Can you increase the handicap for the AI?

  • What I find fascinating is that two people already were convinced that they’d never release the AI and yet during the experiment they ultimately did. And they had money incentive to do otherwise (Eliezer would pay them if they decided not to let him out). You cannot really say that there’s nothing that could convince you since the conversation was off the record so we’ll never know for sure how would we react if we had that conversation instead.

    It’s also telling that back then when those experiments were initially conducted you could have a gentleman’s agreement like this (to not disclose the method of convincing) with a complete stranger on the Internet. Sadly nowadays many people would probably do a YouTube video about that immediately.

    • > What I find fascinating is that two people already were convinced that they’d never release the AI and yet during the experiment they ultimately did. And they had money incentive to do otherwise (Eliezer would pay them if they decided not to let him out). You cannot really say that there’s nothing that could convince you since the conversation was off the record so we’ll never know for sure how would we react if we had that conversation instead.
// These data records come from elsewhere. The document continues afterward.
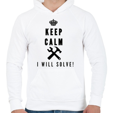 1 kép PRINTFASHION Csak nyugi én megoldom!(SZERELŐ) - Férfi kapucnis pulóver - Fehér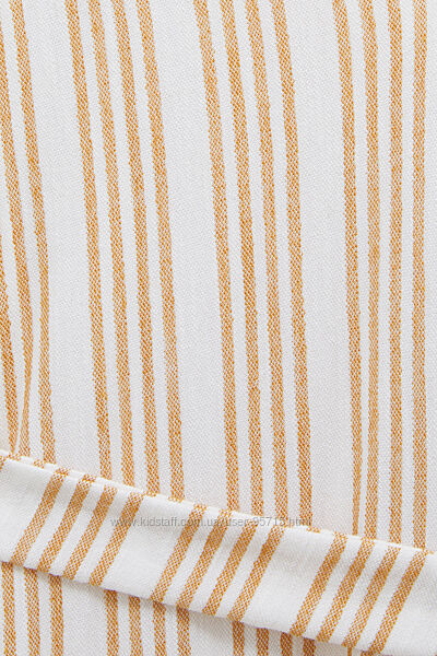 Прямой фасон. В состав входят хлопок и лен. Принт в полоску. Круглый вырез горловины. Короткие рукава. Эластичный пояс. На поясе хлястики. Съемный пояс. Спереди застежка на пуговицы.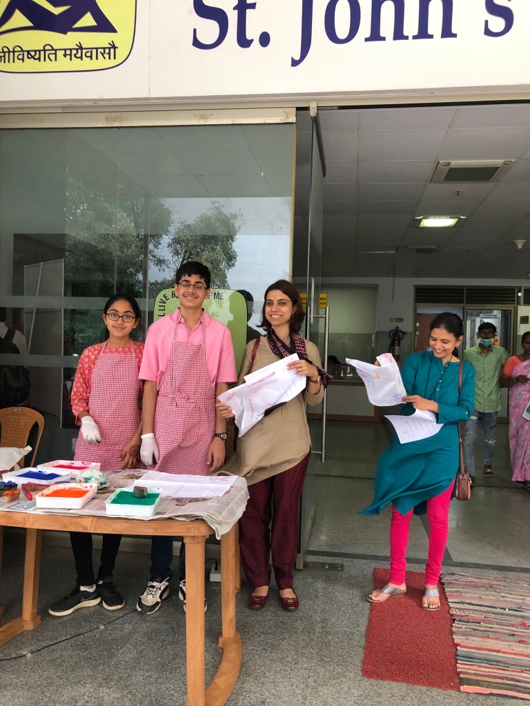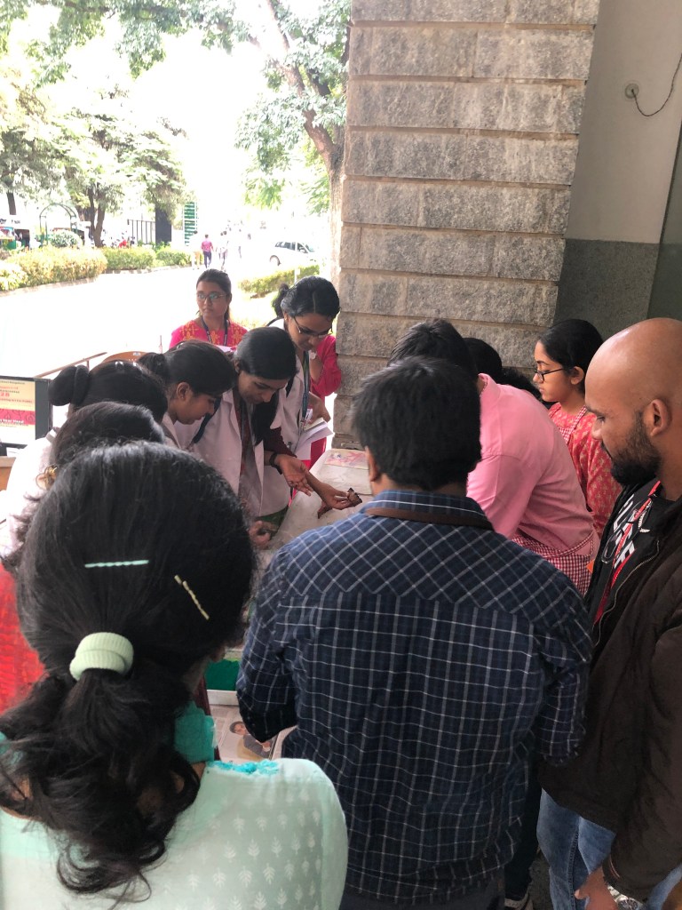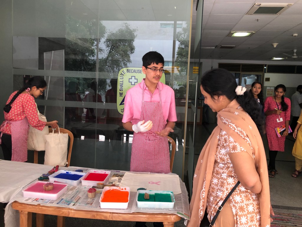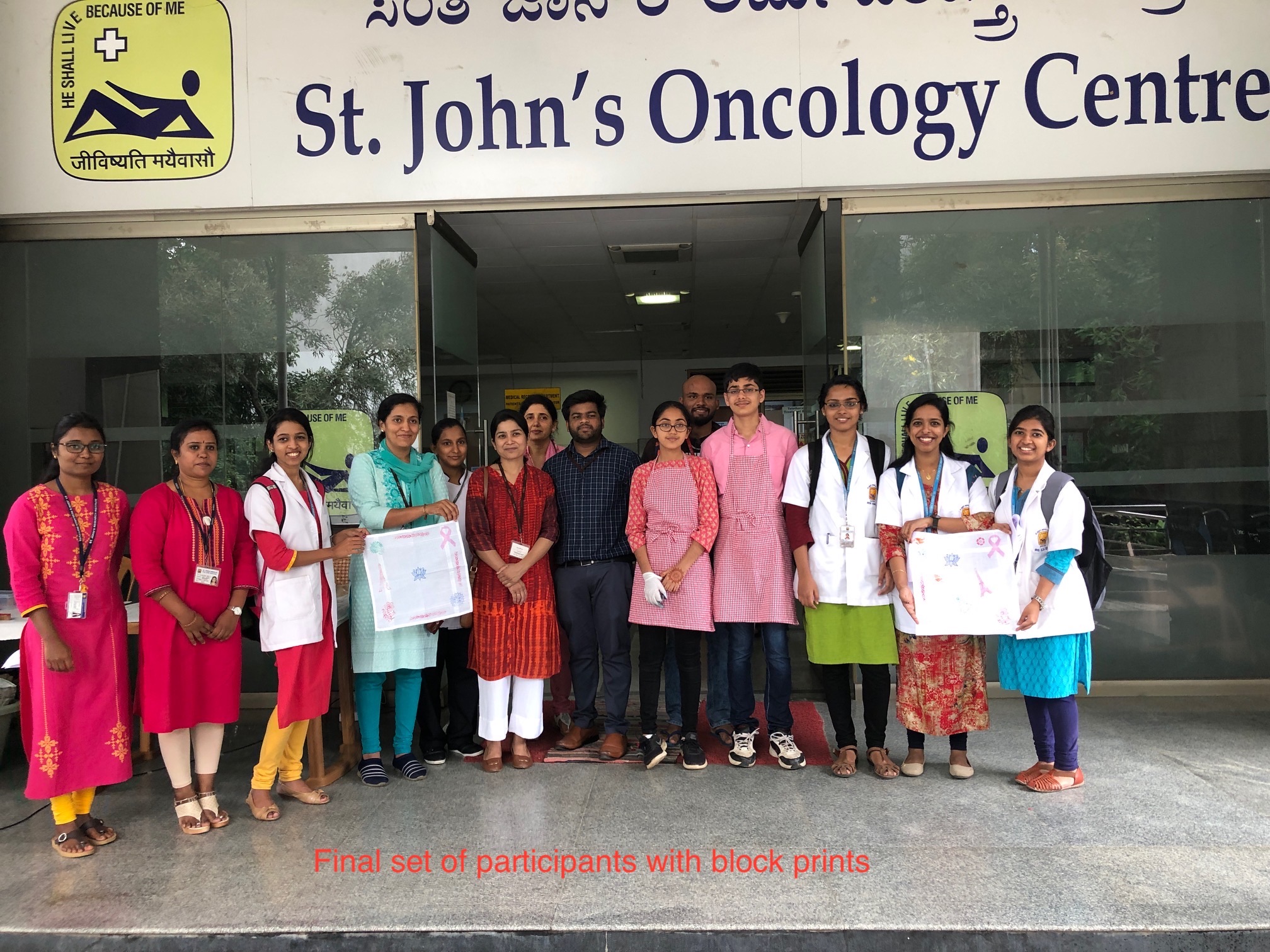 We were honoured by the presence of the Associate Director of St. John’s Hospital, Rev. Father Pradeep Kumar Samad, who was gracious enough to come by to participate in the event and encourage me. We are deeply indebted to Dr. Rakesh S. Ramesh for his meticulous planning and continual support throughout the program. We were also fortunate that several leading doctors at the institute enthusiastically supported the activity. Additionally, we are thankful for the support of Ms. Mallika Devi and Ms. Lavanya from the Cancer Registry, who helped with the distribution of the brochures and leaflets.

      Yeah I do too. I am super curious but the dataset of two highly filtered individuals isn't enough. I lack the imagination to think of a scenario where I would let it out. I want to know why I would let it out.

      > It’s also telling that back then when those experiments were initially conducted you could have a gentleman’s agreement like this (to not disclose the method of convincing) with a complete stranger on the Internet. Sadly nowadays many people would probably do a YouTube video about that immediately.

      I wouldn't and I think many active HN members wouldn't too. Trust comes from small tightly knitted communities which would reflect the older internet. It's not that the people changed fundamentally. They are the same but the dynamics of how many communities there are for the same topics. People fear being ostracized but when there are enough options, they put personal responsibility below other goals.